Again, all the usual caveats apply here including poll interpretations and statistical validity, not to mention that favoring an audit of the Fed is not necessarily the same as dissatisfaction with its policies. However, it also stands to reason that the public is feeling much less warm glow from the current state of economic progress and is beginning (or continuing) to connect the lack of progress with the most obvious factor. QE is very highly visible and it has been sold unambiguously and persistently as an economic elixir.
At some point, given this overall failure to engineer what was promised, patience in QE was bound to run out.
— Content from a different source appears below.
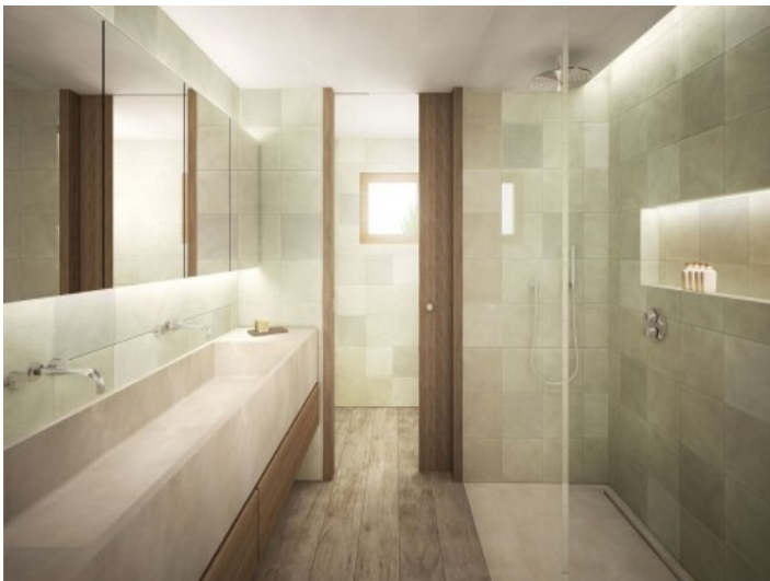
Noble bathroom en suite with walk-in shower

The Fed can proclaim “emergency” all it wants, or, as Janet Yellen indicated, the economy is still in need of “aid.” However, it has been 52 months since the Great Recession officially ended, so the there is more than a little disconnect between these sentiments. It is not a big leap to go from dissatisfaction with the current state of the economy to retributions over why that continues to be the case.
What may be more important, and what caught my interest here, is that any change in monetary faith among the population is significant. Again, I may be making too much of one poll and stretching interpretation too far, but it stands to reason that patience over monetary interventions is not unlimited. Further implication of that might extend not just over economic affairs, but investments. We have already learned from this summer that credit markets have very different views on monetary policy and what constitutes “tightening.” Investors may, at some point, begin to question what QE even means to them, even if the economic fundamentals are not enough on their own.
At some point, this waning faith just might, maybe and perhaps, also apply to stocks. Bubbles don’t last forever. Perhaps Rasmussen would provide a vital service by asking the same poll question to those that actually have great access to asset inflation.